Technical analysis, for me, has always been about individual market participants, as a group, are likely to respond to price action to further their interest for profits, or to conserve capital. Market players are not mindless robots who are as predictable as coin flips, but people pursuing goals, and who learn from history. How the market reacts to news and fundamental info is extremely important from this point of view.
While there are things that can be learned from looking at price action, any algorithm that can extract profits from markets is likely to be short lived. With the advent of cheap, powerful computers, it is all too easy to "test" a system on historical data, only to have it fail in real time. Proper system testing is difficult to do.
Even if testing is done properly, it is likely to have been found by a significant number of smart, well-capitalized people long before you or I ever came onto the scene, making historical test results misleading, possibly unprofitable.
The fact is, markets change, and the context of price action in the past may be totally different to the current market environment. How do market systems account for market change, while still producing valid results?
This book allayed some of my fears. Since system testing IS hard to do, it is unlikely that a significant percentage of people will discover the signals of a profitable system, making the method unprofitable.
Even a skeptic such as myself will admit that proper historical testing can, at the very least, encourage thought about future market conditions, and prepare for various scenarios.
Most important (to me), system testing provides a reasonable method for adapting to changing markets. As new data comes in, the model can, and should, change.
This book teaches you how to do proper system testing, so you can have confidence in your results.
I deduct 1 star from the emphasis on the use of a frequentist statistical methodology. It is becoming clear in economics that talk of "long run frequencies" makes little sense for historical events that occur in a particular place, or a particular time, and are not likely to be repeated.

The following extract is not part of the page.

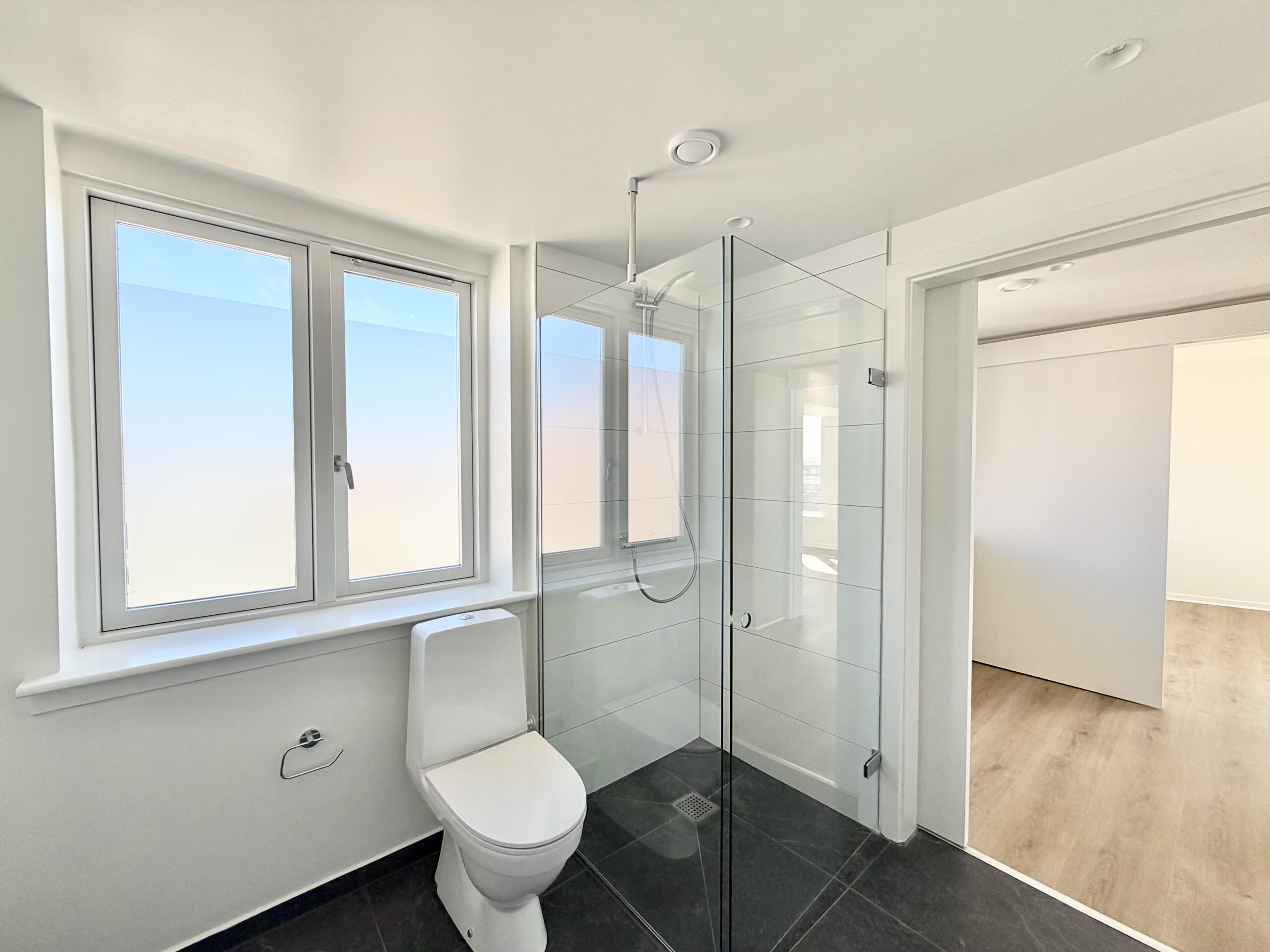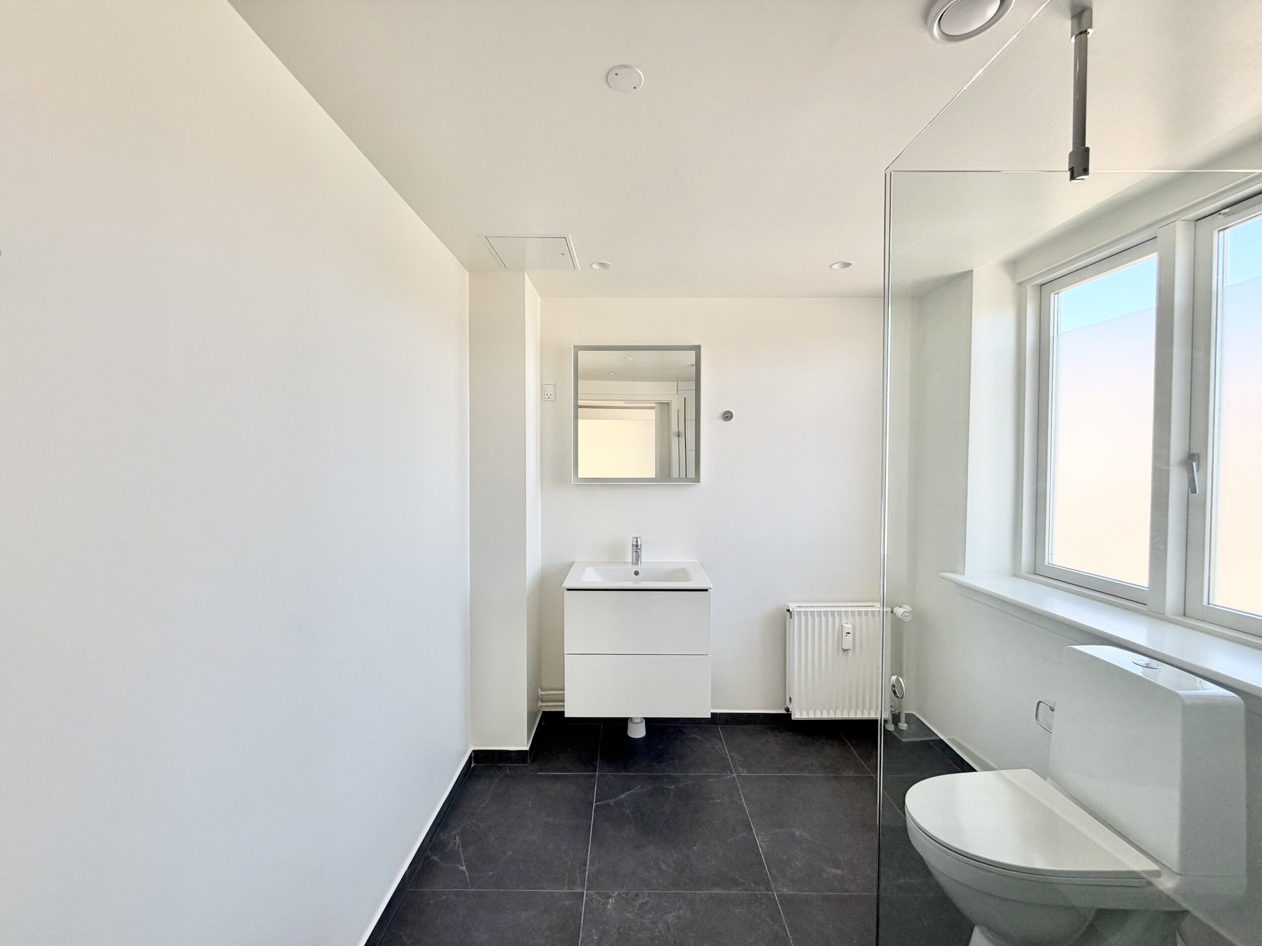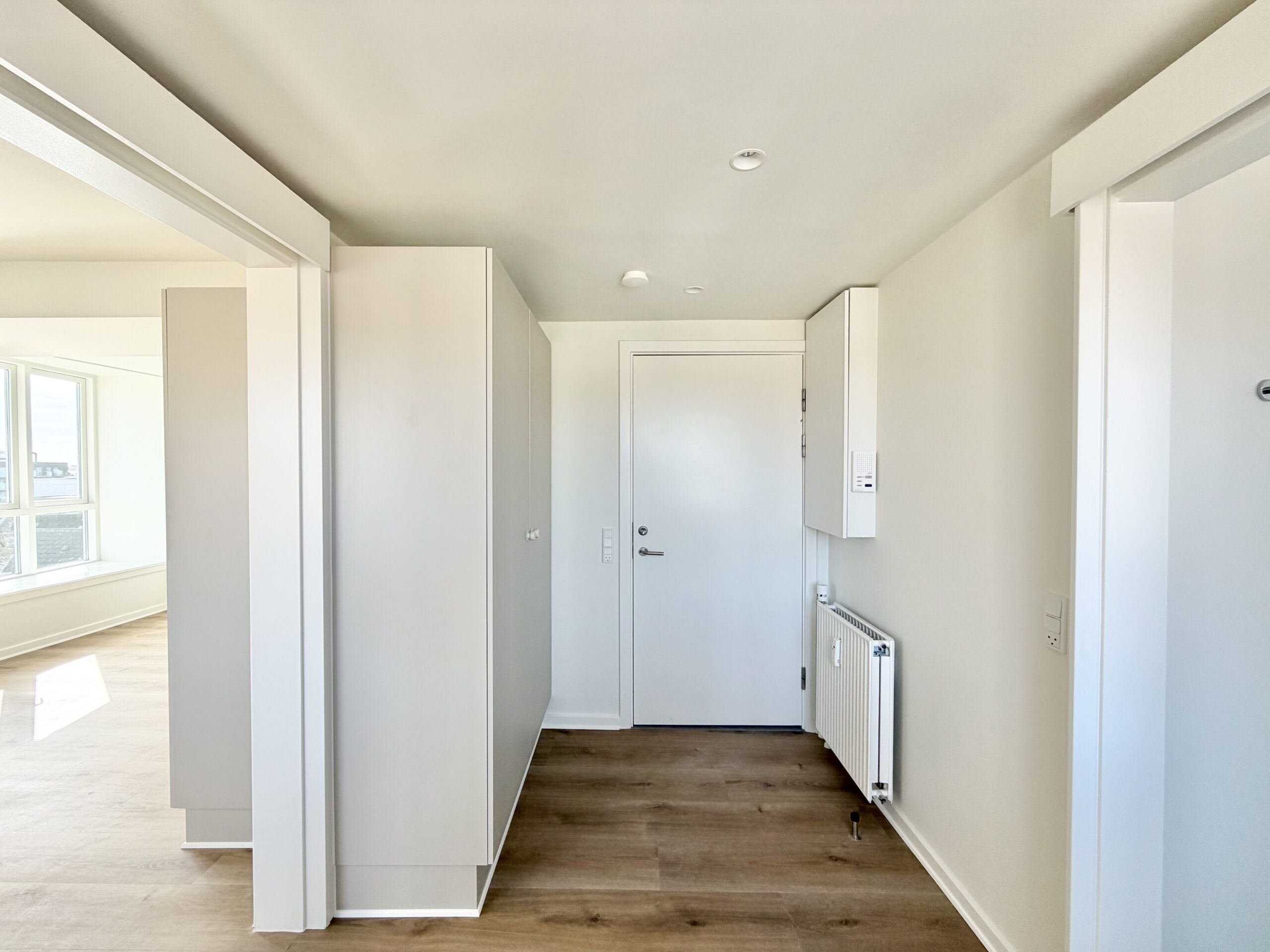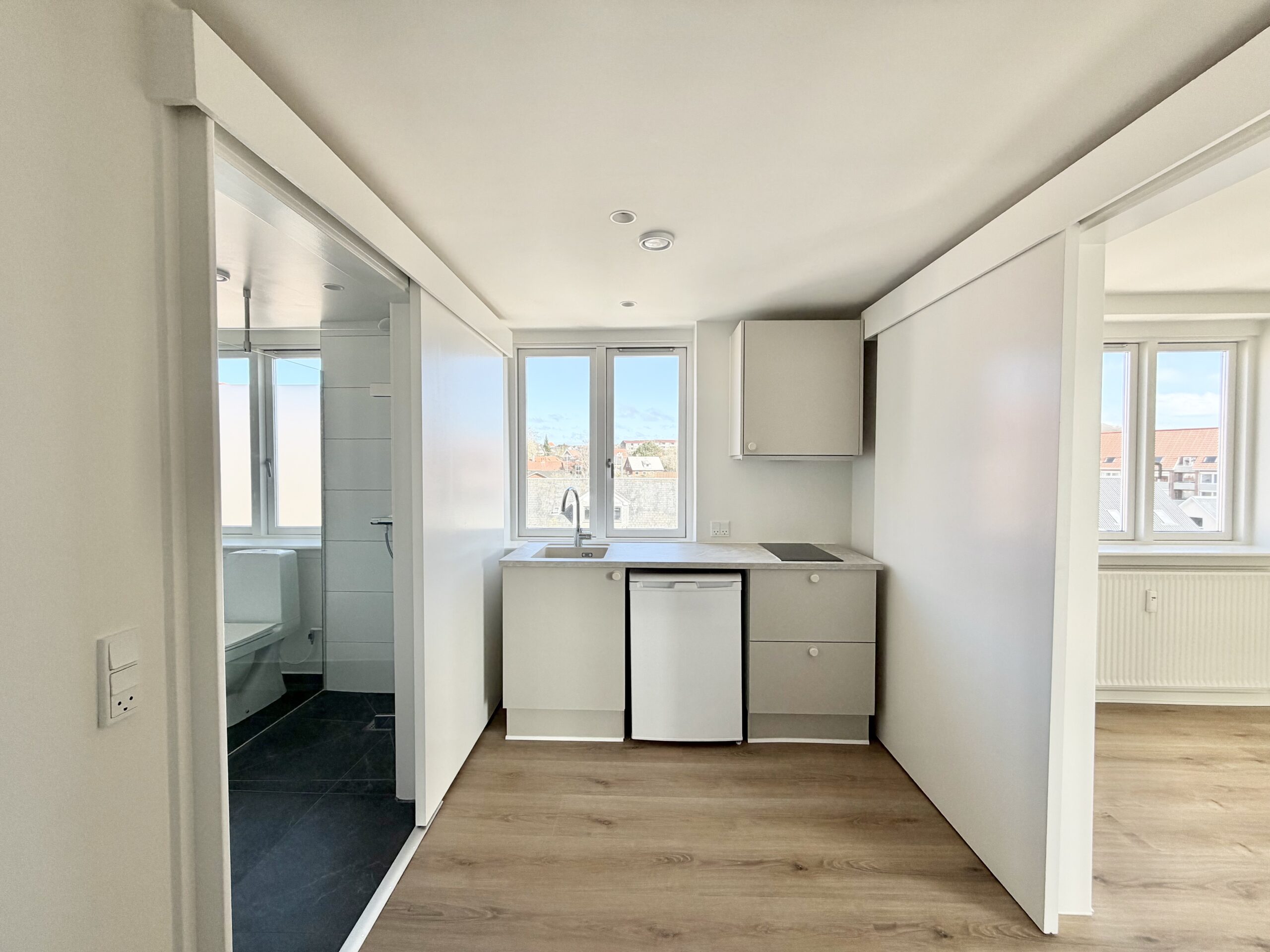 Lejligheden på 42 m2 byder på et lyst opholdsrum med gode, faste skabe, hvilket skaber en funktionel og indbydende stemning. Det stilrene køkken fra Designa er udstyret med kogezone, emhætte og køleskab, perfekt til den, der elsker at lave mad. Badeværelset er moderne indrettet med bruseniche samt kvalitetsmaterialer fra Grohe og Duravit, hvilket giver en følelse af luksus i hverdagen.

The use of Bayesian methods based on a subjective interpretation of probability (ie. degrees of belief), are growing in usage, and can provide more appropriate answers to certain questions that the "frequentist" methods do not.
For experienced technicians, I can recommend it.
2 of 4 people found the following review helpful:
Summary: Classic book for trading systems
Date: 2006-11-08 - 
Comment: Very well written (simple English) that help to organize thoughts of trading. and it help to improve your level of thinking about trading in general. little book, but very useful. It is very good start to learn how to make a mechanical trading system based on the ideas that you think "should work in the market" then you can back test and forward test those ideas. in this way you will see the weakness and the strength of your way of approaching the market. that will lead to one or more step ahead on you journey to achieve your goals in trading. it is simple and makes you do this tough task with the least possible amount of time.
0 of 13 people found the following review helpful:
Summary: Boring
Date: 2006-05-01 - 
Comment: I agree in part with the reviewer that has given 1 star to this book. I have not finished this book yet, and in fact I bought this book because of the numerous 5 stars reviews.
Many definitions appear only after they are mentioned in the text, so that perhaps you need to read and reread for this book to be useful.
15 of 61 people found the following review helpful:
Summary: Worst Book I've Ever Read On The Topic
Date: 2005-04-19 - 
Comment: I have never written a comment about a book, but hopefully other people will at least be warned. This is the one of the worst books I've ever read. I have read several Wiley books; most of them are poorly written and lacking substance. This one is unbelievably bad.
This book deserves a negative five stars. (Who wrote those other reviews?)
If you have never read a book on trading systems, then this book is may tell you something. Otherwise, save your money. There's nothing here.